Geen rapportages over sociale en milieueffecten
Uit een analyse van 241 projecten die tussen 1 januari 2019 tot 31 mei 2020 zijn gepubliceerd op de website van FMO, blijkt dat de potentiële negatieve gevolgen van de investering in slechts 59 gevallen (25%) in meer of mindere mate aan bod kwamen. Voor de overige 182 investeringen (75%) staat daar niets over vermeld op de website.

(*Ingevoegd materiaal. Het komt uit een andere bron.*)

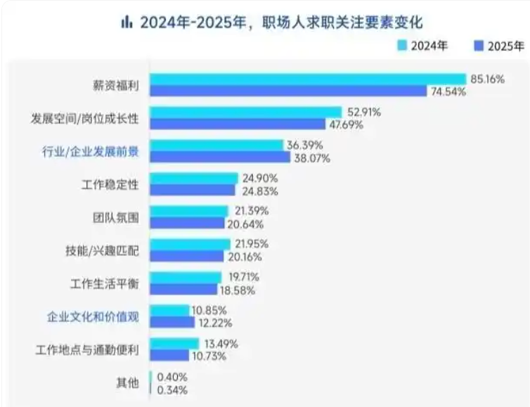 随着招聘市场回暖,职场人的求稳心态出现松动。职场状态“没有变化”的人才占比从2023年的45.30%下降到2024年的41.41%,2025年进一步下降至40.51%,“主动辞职”的人才占比显著上升,达到21.13%,较2023年提升8个百分点,较2024年提升2个百分点。在择业因素方面,求职者对于薪资福利的关注度出现下降,从去年的85%降至74%,对于行业前景、企业文化与价值观的关注度均有小幅上升。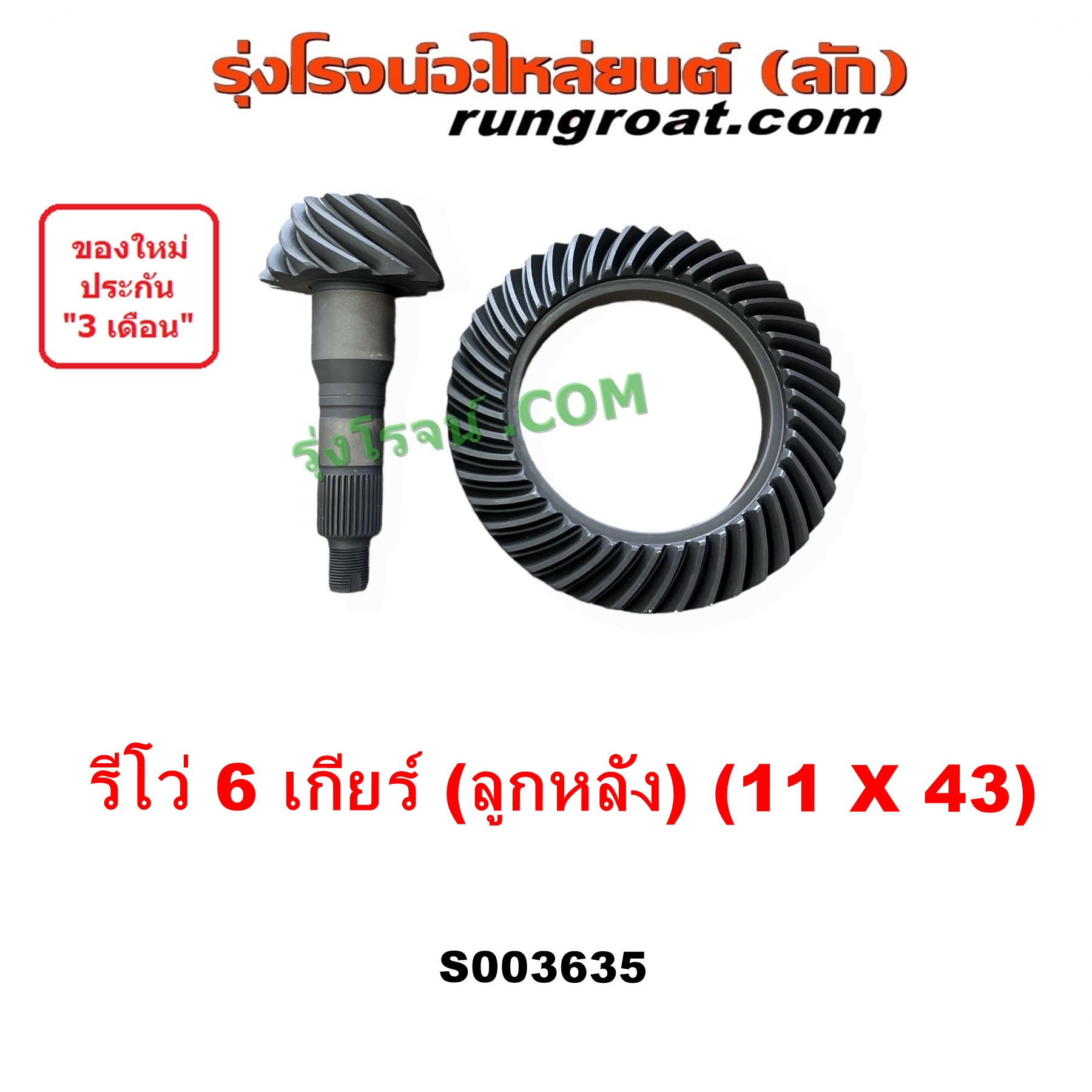 S003635 จานเดือย (เดือยหมู-บายศรี, เฟืองบายศรี เฟืองเดือยหมู) TOYOTA (โตโยต้า) / REVO (รีโว รีโว่ 2015 – 2023) (โฉมแรก / ROCCO) 6เกียร์ (11 X 43) (3.9) ไต้หวัน (ใหม่)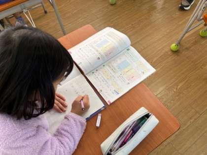 2年の算数の学習の様子です。位を読み間違えないように、じっくり考えて取り組んでいました。

Bijlagen met meer gedetailleerde technische informatie, zoals rapportages over sociale en milieueffecten, waren in geen enkel geval beschikbaar op de website. “De informatie die er wel is, is bovendien alleen beschikbaar in het Engels, terwijl FMO investeringen heeft over de hele wereld, veelal in landen waar Engels niet de voertaal of zelfs de tweede taal is”, zegt Ishita Petkar van International Accountability Project (IAP). “FMO moet voldoen aan het recht op informatie voor de gemeenschappen die geraakt worden door hun investeringen. Echte duurzame ontwikkeling vereist het respecteren van mensenrechten. FMO moet er dus voor zorgen dat essentiële informatie, inclusief technische documenten, publiek toegankelijk is in nationale en lokale talen.”
FMO moet beleid en praktijk verbeteren
De 28 organisaties hebben een brief geschreven aan FMO waarin ze de bank oproepen om haar beleid en praktijk op het gebied van transparantie grondig te herzien en te versterken. Dit omvat onder meer de verbetering van informatievoorziening op de FMO-website volgens internationale standaarden, en een verplichting aan klanten om projectdocumentatie volledig openbaar te maken. Ook moet FMO ervoor zorgen dat die informatie begrijpelijk is voor de betrokken gemeenschappen en deze ook bereikt, zodat ze zinvol kunnen deelnemen aan besluitvormingsprocessen rond projecten.